'Ah, aku ingat, aku punya kenalan pemburu hantu. Aku akan menghubungi mereka. aku yakin mereka bisa membantumu dan mungkin kau bisa mengundang mereka,' jawab Seven.

Aku mendengus, 'ide bagus,' mulutku terkatup rapat, 'Seven!!'

Suara tawa Seven memekakkan telingaku.

'Hantu?? Hmf, Mikaaa.. kalau memang sekarang ini ada hantu Rika di dekatmu, aku yakin kameraku pernah merekamnya - dan - pffft - apa itu!? hantu Rika!?' lanjut Seven di sela-sela tawanya yang membuat telingaku sakit, 'Maaf, Mika, tapi - tapi ini - sudah lama sekali aku tidak tertawa seperti ini-'

Dan tawanya kembali memekakkan telingaku.

'Agh, Seven!!'

Ia tidak mendengar, masih sibuk dengan tawanya yang tidak bisa berhenti. Kuharap perutnya kaku sampai ia tidak bisa duduk atau berdiri. Kesal, kumatikan sambungan telepon itu. aku yakin Seven belum sadar sambungan itu telah tiada.

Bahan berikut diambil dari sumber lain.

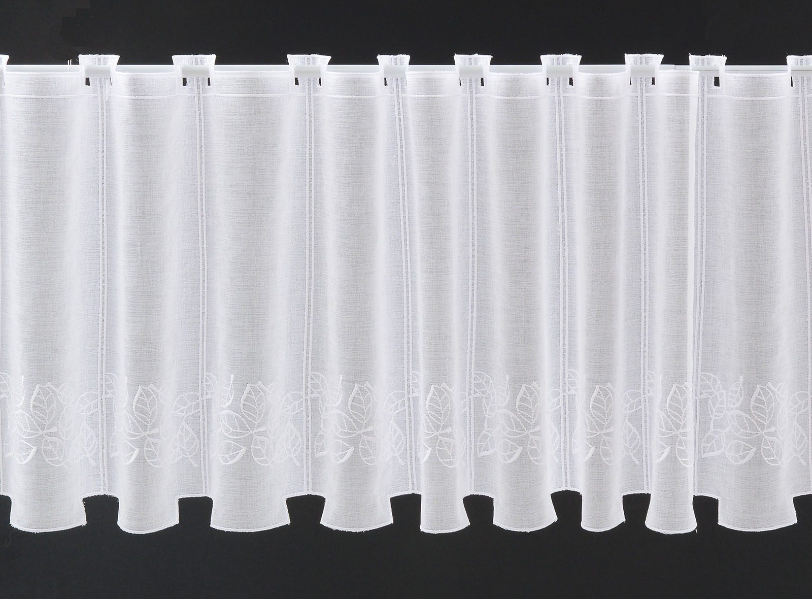 Scheibengardine bestickte Blätter 45 cm hoch weiß - Wunschbreite frei wählbar durch gekaufte Menge in 16 cm Schritten - Meterware

Aku menelepon orang yang salah, omelku dalam hati. tapi aku tidak mungkin menelepon Jaehee atau Jumin. Mereka tidak akan mempercayaiku meski mungkin reaksi mereka lebih bisa diterima akal sehat. Aku tidak mungkin menelepon Yoosung. Sepertinya dia juga takut hantu. Lagipula Yoosung masih belum bisa merelakan kepergian Rika. Aku tidak mau Yoosung memaksakan diri datang kesini dan tinggal disini dengan harapan bisa bertemu dengan Rika versi tembus pandang. Sedangkan Zen.. entahlah.

Aku membuka messenger yang Seven buat dan membaca obrolan yang telah kulewatkan.

'Mika,' sapa Zen.

'Zen.. apa kau percaya bahwa hantu itu ada?' lagi-lagi jariku bergerak sendiri.

'Hm? Hantu?' ulangnya, 'Tidak. aku tidak percaya. aku memang belum pernah melihat hantu dengan mata kepalaku sendiri dan aku tidak ingin melihatnya,' jawab Zen, 'Kenapa?'

'ah, tidak. tidak apa-apa. lalu bagaimana dengan audisi peran utamamu?' aku berusaha mengalihkan pembicaraan.

'Tebak,' balas Zen singkat.

'kau dapat peran itu?' aku balik bertanya, 'Ayolah, kau pasti dapat peran itu, benar kan?'

'Lololol, benar sekali, aku dapat peran itu!'

'Zen! Selamat! Aku tahu kau pasti dapat peran itu!'

'Oh, Mika. Dan Zen?' Jaehee muncul tiba-tiba.

'Halo, Jaehee,' sapaku sambil memperhatikan lemari dokumen milik Rika. Dua buah laci yang berada di bawah lemari itu tampaknya belum sempat kusentuh. Sempat terfikir untuk membuka laci itu, tapi aku mengurungkannya.

Aku tidak ingin Rika yang tembus pandang muncul di depanku hanya karena ia tidak ingin aku melihat apa yang tersimpan di laci itu.

Tapi, benar kata Seven dan Zen. Hantu itu tidak ada. dan hantu mana yang beraksi saat matahari bersinar?
Sudahlah, apapun yang akan terjadi nanti, akan kuurus nanti.

Kuharap dia kenal seseorang yang bisa mengusir hantu.

Aku meraih pegangan bulat yang menempel di tengah laci itu, tapi aku tidak bisa membukanya. Terkunci. Aku membuka laci-laci yang ada di dekat komputer, di ruang tengah, di semua ruangan, termasuk wadah penyimpan es dan tempat penyimpanan sayuran di dalam kulkas tapi aku tidak berhasil menemukan kunci yang kucari.
Tapi aku tidak kehabisan akal.
Mengingat rambut panjang yang tergerai dibalik punggung Rika, aku yakin Rika pasti punya itu. Dan tebakanku tepat. Aku menemukan beberapa jepit rambut di dalam laci meja rias Rika. Tanpa pikir panjang kuambil sebuah jepit rambut hitam dan memasukkannya kedalam lubang kunci. Di saat seperti ini aku merasa ketrampilan remeh yang ia ajarkan padaku ternyata sangat berharga.